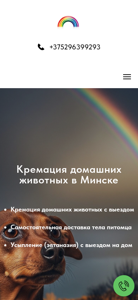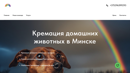 | AI-анализ | --- This online resource is dedicated to providing animal cremation services in Minsk, Belarus. It features a private crematorium with low prices and the option for on-site services. The website offers both group and individual cremation, as well as humane euthanasia at home. The team is composed of professionals committed to animal welfare and easing the suffering of pets and their owners. They follow ethical principles and ensure a caring approach throughout the process. The website lists their services, including cremation in Minsk and the surrounding area, home euthanasia for cats, dogs, and other pets, and an online application form. The team also provides support and care to pet owners during difficult times, with numerous positive reviews confirming their professionalism. Prices are listed without including on-site services. The website is accessible at [naradygy.by](http://naradygy. |
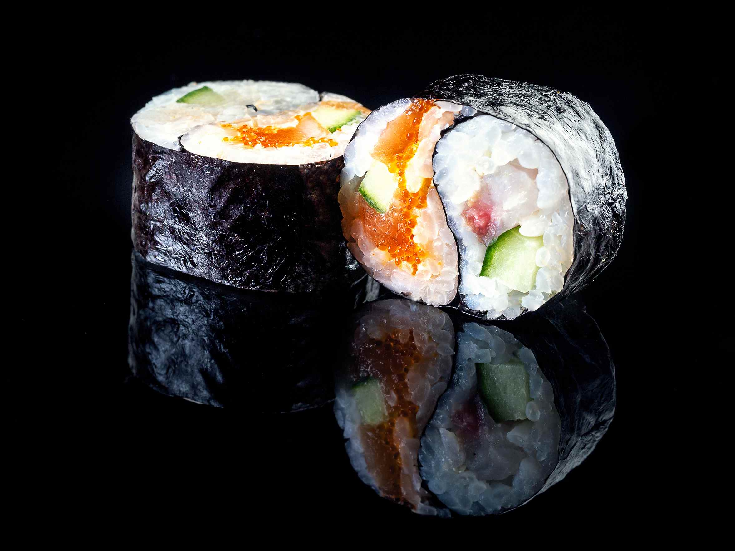Окунь, лосось, тобико, огурец, спайс соус
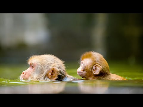 In a jungle just outside Katmandu, Nepal, a family of very special monkeys makes the journey to relax and play in a local pool.
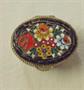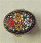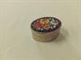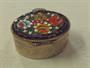 Lékovka vyrobena z obecného kovu, víko zdobeno mozaikovým sklem . Rozměry 3,5 x 2, 8 cm . Výška 1,8 cm.
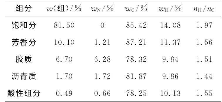 1.2.1原油組分分離采用SARA四組分分離方法得到飽和分、芳香分、膠質和瀝青質。采用醇堿萃取法分離得到酸性組分。
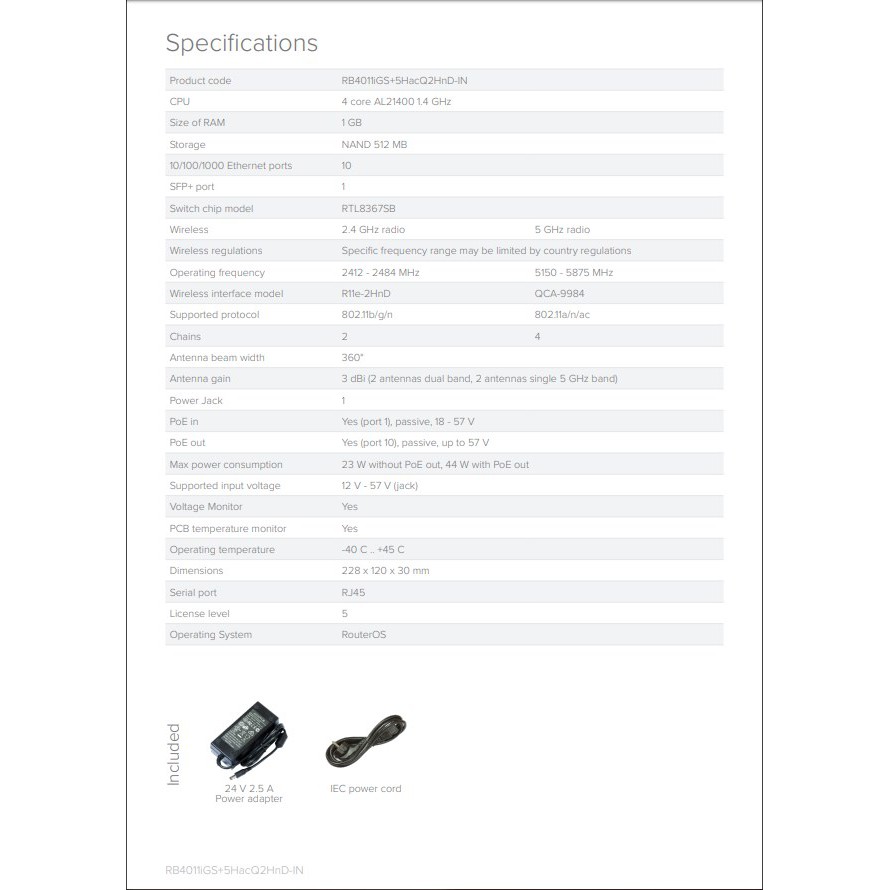 MikroTik RB 4011 iGS+ 5HacQ2HnD IN RB4011iGS+5HacQ2HnD-IN
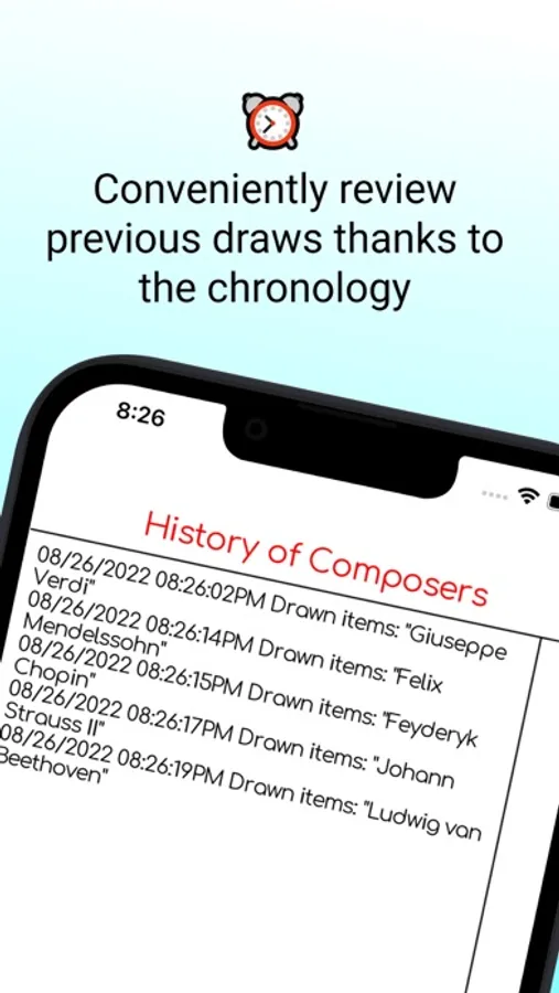 Directly from the application you can create your name lists, from which you can make draws. Immediately after a draw you can also remove the items you have just chosen from the list, so that the drawer won't draw them again.
################
### Directions for this task
An exact copy is needed of every line from the line containing "In a jungle" to the last line of the records; pictures stay out of it.

### Task answer
 In a jungle just outside Katmandu, Nepal, a family of very special monkeys makes the journey to relax and play in a local pool.
 Lékovka vyrobena z obecného kovu, víko zdobeno mozaikovým sklem . Rozměry 3,5 x 2, 8 cm . Výška 1,8 cm.
 1.2.1原油組分分離采用SARA四組分分離方法得到飽和分、芳香分、膠質和瀝青質。采用醇堿萃取法分離得到酸性組分。
 MikroTik RB 4011 iGS+ 5HacQ2HnD IN RB4011iGS+5HacQ2HnD-IN
 Directly from the application you can create your name lists, from which you can make draws. Immediately after a draw you can also remove the items you have just chosen from the list, so that the drawer won't draw them again.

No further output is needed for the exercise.